Most of what we say and hear every day is casual conversation, not single words or carefully read sentences. Yet much of brain research on language has relied on artificial tasks. The Kymata Soto Language Dataset changes this by providing a rich, open collection of brain recordings from people simply listening to lively radio discussions in English and Russian, giving scientists a powerful new window into how our brains process natural speech.

A New Library of Brain Responses to Real Speech

This project brings together two advanced brain‑recording methods—electroencephalography (EEG) and magnetoencephalography (MEG)—from 35 adults: 20 native English speakers and 15 native Russian speakers. While they sat quietly and listened to about six and a half minutes of radio‑style conversation in their own language, their brain activity was recorded a thousand times per second. Each person heard the same audio several times, allowing researchers to average across repeats and pick out the brain’s reliable responses from the background noise. The result is a detailed, time‑locked record of how the brain reacts, moment by moment, as people follow an unfolding discussion.

Conversations About Ice Cream and Coffee

Rather than using classic stories or artificial sentences, the team chose engaging but everyday topics: the history of ice cream for English listeners and the history of Colombian coffee for Russian listeners. Both recordings came from BBC studio discussions involving three speakers (two men and one woman). The conversations were edited to about 400 seconds and presented at comfortable listening levels through earpieces. After each repeat, participants answered one or two simple multiple‑choice questions about the content—just enough to ensure they stayed alert and followed the story, not to test them aggressively.

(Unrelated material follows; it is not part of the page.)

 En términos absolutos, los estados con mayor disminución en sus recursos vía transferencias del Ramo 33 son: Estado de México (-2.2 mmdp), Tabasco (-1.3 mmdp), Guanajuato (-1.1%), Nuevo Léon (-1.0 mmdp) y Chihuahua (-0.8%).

Keeping the Eyes Busy but the Mind on Sound

While participants listened, they stared at a central cross on a screen. Around it, clouds of colored dots drifted and changed in a seemingly random way. These moving dots served two purposes: they helped keep people’s gaze steady, which improves data quality, and they created controlled patterns of visual motion and color that other researchers can later analyze. Importantly, the dots were not synchronized with the speech content, so they did not “illustrate” the story or add meaning, but they did provide a consistent visual background that can be studied alongside the sounds.

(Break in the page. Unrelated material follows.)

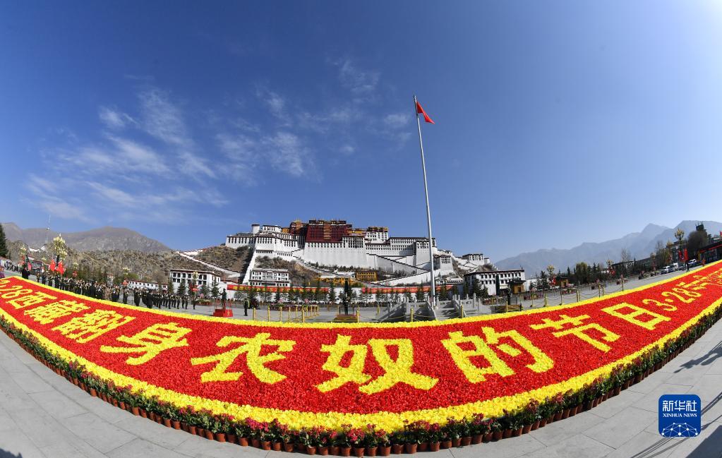 3月的雪域高原,楊柳吐綠,又一個(gè)春天如約而至。西藏各族群眾穿上節(jié)日的盛裝,跳起歡快的鍋莊舞,迎接西藏百萬(wàn)農(nóng)奴解放紀(jì)念日。

From Raw Brain Signals to Ready‑to‑Use Data

The researchers carefully documented every part of the experiment and organized the dataset using an international standard for brain data called BIDS. For each volunteer, there are raw EEG and MEG recordings, timing markers for when the audio started, second‑by‑second visual events, and practice segments. The team also provides the original audio files, full transcripts, and precise timing for when every word and even every individual speech sound began. They include scripts so others can automatically reproduce the exact audio excerpts used. For the English group, anonymized MRI brain scans are shared so that brain responses can be mapped onto individual brain anatomy; for the Russian group, consent did not permit sharing MRI images, so users are advised to rely on standard average brain templates.

Checking That the Signals Make Sense

To make sure the data are scientifically trustworthy, the authors ran validation analyses focused on how the brain tracks changes in sound loudness over time. They transformed the audio into several mathematical descriptions of “time‑varying loudness” and then examined where and when the brain responses lined up with those loudness patterns. For both English and Russian listeners, the brain showed similar timing patterns, consistent with what has been reported in earlier work. This agreement across languages and with past studies is a strong sign that the recordings are clean, reliable, and ready for others to build on.

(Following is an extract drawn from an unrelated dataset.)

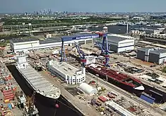 After the conversion of the Naval Yard for civilian uses, the Norwegian company Kværner rebuilt the western facility for commercial shipbuilding operations in partnership with the City of Philadelphia. Now called the Aker Philadelphia Shipyard, the yard opened in 2000 and delivered its first vessel in 2003.[37] The Aker Shipyard has built twelve ships, and has four vessels under construction.[38]

Why This Matters for Future Brain and Language Research

For non‑specialists, the main takeaway is that this dataset is a new common resource that lets many different research teams study how real, spontaneous speech is processed in the brain. Because it is open, well‑annotated, and recorded in two different languages, it can support projects ranging from basic questions about how we understand conversation, to comparisons across languages, to ambitious efforts to decode speech directly from brain activity. In short, the Kymata Soto Language Dataset is less about answering one single question and more about giving the scientific community a high‑quality, shared foundation for exploring how our brains make sense of the conversations that fill our daily lives.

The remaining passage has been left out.